For those seeking careers as machine learning engineers, system design concepts are essential. But beyond that, I say that any engineer who wants to advance in their career needs to implement machine learning into system design, particularly during interviews.

Even interviews for engineering managers demand knowledge of ML to truly scale a team to meet industry demands and take products into uncharted territories.

In the next few years, almost every system will have an ML component. In fact, most systems already do! ML components are now super critical for most system design interviews, such as designing a Facebook newsfeed or building a Netflix recommendation system.

Designing these systems is almost impossible without an understanding of how the ML component will be developed.
Interviewers want to hire engineers who evolve with the systems, and machine learning is the most important evolution we face today in the tech sector.

ML is already commonly used as a blackbox in system design interviews. This is particularly true for questions about scaling. Most engineers don’t take a deep dive. You might elude to ML parts but don’t actually demonstrate with embedded knowledge.

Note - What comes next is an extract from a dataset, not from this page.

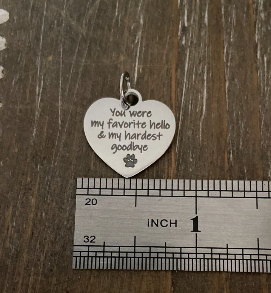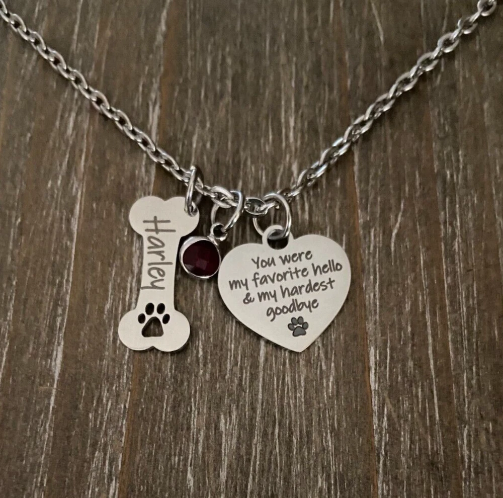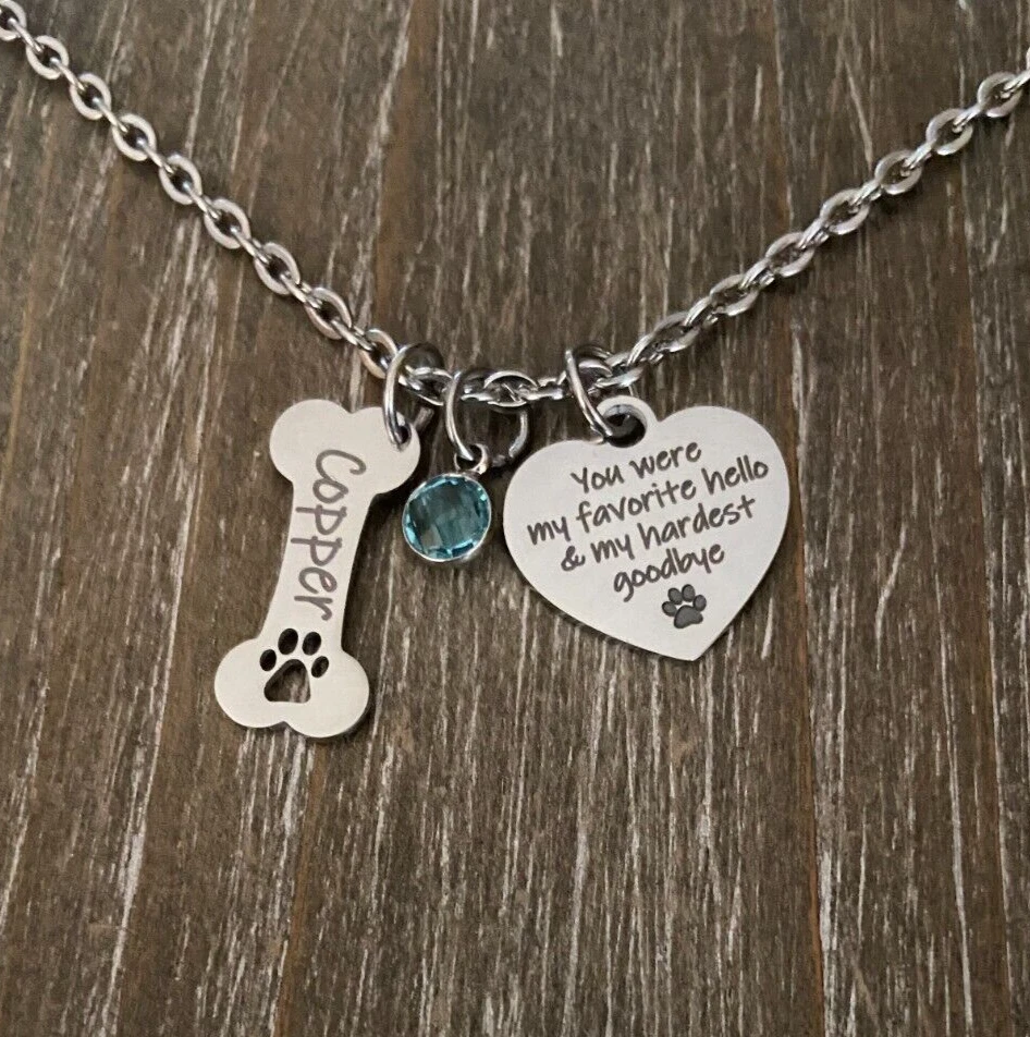 Listing is for custom Completed Pet Name Necklace, Necklace includes Bone with your choice of pet Name ( up to 10 characters ), choice of crystal and Heart with You were favorite hello and my hardest goodbye. Pendants come on a 18 inch Stainless Steel chain. 24 inch is available on request Bone is approx. 1 inch Stainless Steel Crystal is Genuine Crystal Necklace will come to you in a gift box :) *Please be sure to leave name ( up to 10 characters ) and crystal choice in purchase notes or messages to seller :) Stainless Steel doesn't need polished, will not tarnish and doesn't stain the surrounding skin. It's properties are hypoallergenic for those with metal allergies. *Due to obvious reasons cremation urns are not returnable so please follow enclosed instructions carefully.

If you really want to extend yourself from run-of-the-mill, you need to demonstrate your knowledge of ML systems and an aptitude it beyond the theoretical. A next-gen engineer will actually go into the technologies and methodologies behind ML components.

Interviewers, in particular, are looking for someone who understands how recommendation systems work, namely ad suggestions, rideshare clustering, or news feeds.

Recommendation can be leveraged for all kinds of systems, and an employer will look for this level of thinking as you design your system. Every product needs to embrace ML. So, demonstrate in your system design interview that you are the person who can lead a product into that new era.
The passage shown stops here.